As was common ground, the reason for the Claimant's dismissal was his misconduct in inappropriately showing an 18-rated film (Halloween) to a class of vulnerable 15- and 16-year-olds; that was the "something" operating on the Respondent's mind/significantly influencing its decision ([IPC Media Ltd v Millar]() [2013] IRLR 707 EAT / Hall v Chief Constable of West Yorkshire Police . The ET then considered whether that misconduct had arisen as a consequence of the Claimant's disability. On the material before it - which included medical evidence not available to the Respondent - it was satisfied it had: the Claimant's error of judgement, and thus his misconduct in inappropriately showing the film, arose as a consequence of his disability. As dismissal was an unfavourable act, he had been treated unfavourably because of something arising in consequence of his disability. The ET went on to consider the Respondent's defence of justification. Accepting it had legitimate aims in terms of safeguarding children and maintaining disciplinary standards, the Respondent had not demonstrated that dismissal was proportionate, so failed to prove objective justification.
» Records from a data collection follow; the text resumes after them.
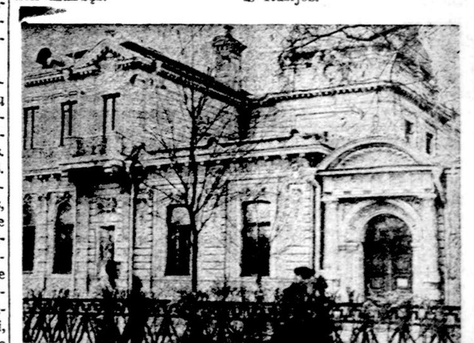
Vakarų Vokietijos ambasada Maskvoje. Dažnas atsitikimas, kad sovietų milicija neleidžia visiems į ją įeiti, tai vokiečiai, norj emigruoti, gatvėje surengia demonstracijas ir tokiu būdu viduj esančių valdininkų atkreipia dėmesį

NEW YORK. — Brazilijos futbolo (soccer) žvaigždė Pele (Edson Arandes), apsisprendė už New Yorką. Iš brazilų rinktinės jis išeina "laikiniai", ir priima pasiūlymą žaisti už New Yorko Cosmos. Reikia manyti, kad nuo šiol ir šia sporto šaka Amerikoj susidomėjimas smarkiai pakils. Pasirašo trejų metų kontraktą ir gaus 7 mil. dolerių. Joks sportininkas iki šiol nėra tiek uždirbęs.
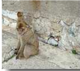
Affen in Position
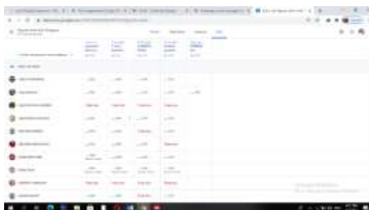
Gambar 3. Nilai

Google classroom mendukung banyak cara penilaian yang berbeda. Guru memiliki opsi untuk memantau kemajuan setiap siswa pada tugas di mana mereka dapat membuat komentar dan mengedit. Tugas yang diubah dapat dinilai oleh guru dan dikembalikan dengan komentar untuk memungkinkan siswa merevisi tugas dan dikembalikan. Setelah dinilai, tugas hanya dapat diedit oleh guru kecuali guru mengembalikan tugas. Seperti gambar 3
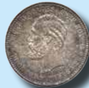
Norge. 2 kroner 1888 84.700:-
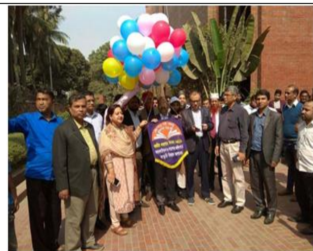
৫ ফেব্রুয়ারি ২০১৯ জাতীয় গ্রন্থাগার দিবসের উদ্বোধন।
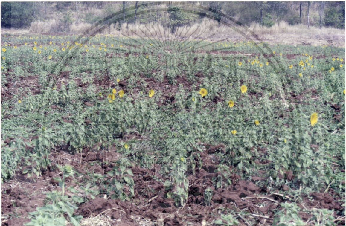
ภาพที่ 3 แสดงสภาพของพื้นที่ดินที่ทำการศึกษาวริเวณที่ 4

เอกสารนี้เป็นเอกสารที่สงวนไว้สำหรับการใช้งานเพื่อการศึกษาเท่านั้น ไม่อนุญาตให้นำไปใช้ประโยชน์ด้านการค้า ไม่ว่าจะกรณีใดๆ ทั้งสิ้น อีกทั้งห้ามมิให้ดัดแปลงเนื้อหา และต้องอ้างอิงถึงเจ้าของเอกสารทุกครั้งที่มีการนำไปใช้
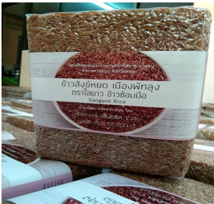
ข้าวสังข์หยดที่บรรจุด้วยเครื่องขึ้นสูญญากาศ

Held: dismissing the appeal
Applying the guidance laid down by the EAT in [Basildon & Thurrock NHS Foundation Trust v Weerasinghe]() [2016] ICR 305, the definition of "the something" under section 15 EqA gave rise to a question of causation: it had to be that which caused the employer to treat the employee unfavourably; it required the ET to look into the mind of the relevant decision taker and ask what was the factor (conscious or subconscious) that materially operated on his or her mind. Having thus defined "the something" - in this case the Claimant's misconduct in terms of the inappropriate showing of the film - the ET had to ask whether that something arose as a consequence of the Claimant's disability. That - as the parties accepted - gave rise to a question to be answered by the ET on an objective basis: on the evidence before it, did the "something" arise in consequence of the employee's disability? In this case, the ET had found as a fact that the inappropriate showing of the film - the something - did arise as a consequence of the Claimant's disability (his impaired mental state). The ET did not fail to appreciate the need to make a finding on causation; it did not spend a great deal of time on this issue, because it was not in dispute. As for the ET's reliance on the medical evidence before it (not available to the Respondent itself, and for which the ET (majority) had not criticised it in relation to the unfair dismissal case) that was permissible given the objective nature of the exercise required.
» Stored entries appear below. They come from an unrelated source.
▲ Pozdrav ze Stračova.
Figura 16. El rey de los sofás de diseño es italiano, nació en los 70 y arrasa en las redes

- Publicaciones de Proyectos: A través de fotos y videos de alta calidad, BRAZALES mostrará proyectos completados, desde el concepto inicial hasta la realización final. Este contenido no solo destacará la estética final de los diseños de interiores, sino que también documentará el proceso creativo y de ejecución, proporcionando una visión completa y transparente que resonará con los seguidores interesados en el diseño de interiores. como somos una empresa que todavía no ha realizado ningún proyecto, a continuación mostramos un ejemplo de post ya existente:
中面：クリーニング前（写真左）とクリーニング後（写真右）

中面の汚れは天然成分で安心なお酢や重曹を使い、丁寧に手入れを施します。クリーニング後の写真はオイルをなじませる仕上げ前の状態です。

On the question of justification, the approach again required an objective test, albeit one that had regard to the working practices and business considerations of the employer (Hardy & Hansons plc v Lax. The ET had taken care to define the Respondent's legitimate aim - the protection of the children and ensuring disciplinary standards were maintained - and had then carried out the balancing exercise required of it by reference to that aim. The ET thus kept the Respondent's "workplace practices and business considerations" firmly at the centre of its reasoning. Doing so, it reached a different conclusion to the Respondent, permissibly taking into account medical evidence that had not been before it. The appeal was dismissed.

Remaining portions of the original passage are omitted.